Não entendo onde viola o princípio da legalida...

Emerson Fernando Mendes Paes Barreto ()

Não entendo onde viola o princípio da legalidade,pois, a lei 8.112 em seu Art. 19 que diz: Os servidores cumprirão jornada de trabalho fixada em razão das atribuições pertinentes aos respectivos cargos, respeitada a duração máxima do trabalho semanal de quarenta horas e observados os limites mínimo e máximo de seis horas e oito horas diárias, respectivamente. (Redação dada pela Lei nº 8.270, de 17.12.91) Entendo que o sentido desse artigo e facultar o administrador a estabelecer a jornada de trabalho dentro do poder discricionário que esta lei lhe deu ou seja, respeitando a duração máxima do trabalho semanal de quarenta horas e observados os limites mínimo e máximo de seis horas e oito horas diárias, respectivamente ele pode sim estabelecer conforme sua necessidade,o que não poderia era legislar sobre esta máteria pois é privativa do chefe do poder execultivo, o que não é o caso em análise. Ou será que para cada caso da administraçao esperará uma lei vinda do atarefado Presidente da República determinando qual o horário de funcionamento de determinados orgaos da Administração Pública.

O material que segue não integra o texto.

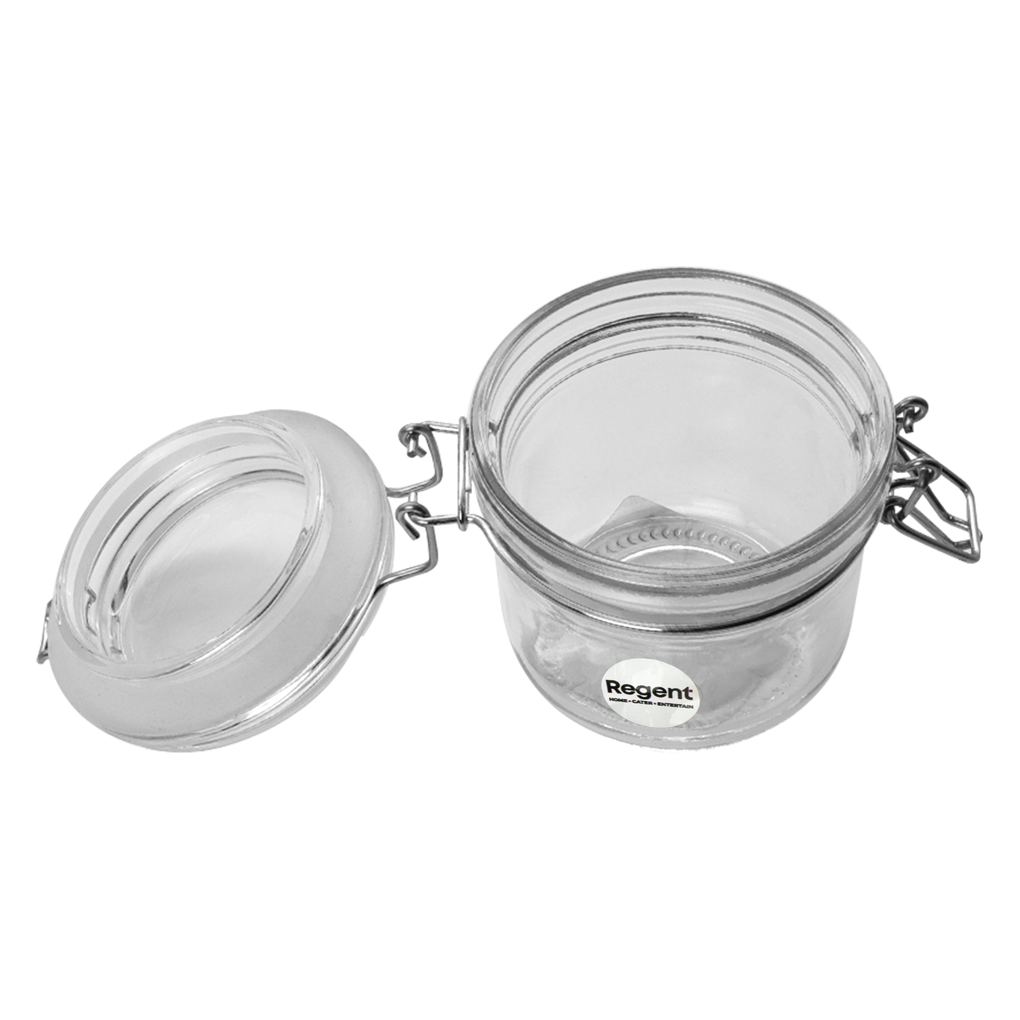 The Regent Hermetic Glass Canister features a 200ml capacity and a secure clip seal glass lid that ensures an airtight closure, preserving the freshness of contents. Crafted from clear glass, it allows easy identification of stored items. Ideal for storing spices, herbs, jams, sauces or any small pantry essentials. This classic canister combines durability with elegant design, making it a practical and stylish addition to any kitchen or countertop.

Essa é uma questão muito interessante: A Lei...

Félix Neto ()

Essa é uma questão muito interessante: A Lei de criação da Justiça Federal afirma taxativamente que os juìzes são obrigados a cumprir o EXPEDIENTE INTERNO DO ÓRGÃO. Deve-se ressaltar que a Lei é da década de 60. Os membros do Ministério Público também estão obrigados a cumprir o expediente interno do órgão. As leis orgânicas estaduais todas orientam nesse sentido e todas editadas após a CF1988. A Ajufe ajuizou no STF uma ADIN contra Resolução do CJF, cujo conteúdo é o Exercício do magistériopor po parte dos juízes federais, tendo em vista que a CF só lhes permite UMA FUNÇÃO DE MAGISTÉRIO, assim como em relação aos membros do Ministério Público. A grrande pergunta é QUEM FISCALIZA O EXERCÍCIO DO CUMPRIMENTO DO EXPEDIENTE INTERNO DOS MEMBROS DO PODER JUDICIÁRIO E MEMBROS DO MINISTÉRIO PÚBLICO? ? ? ? ? ? ? ? E compatibilidade com o horário ministerial e jurisdicional? ? ? ? ? ? ? O que significa EXPEDIENTE INTERNO? ? ? ? ? ? na lei não existe palavras inúteis.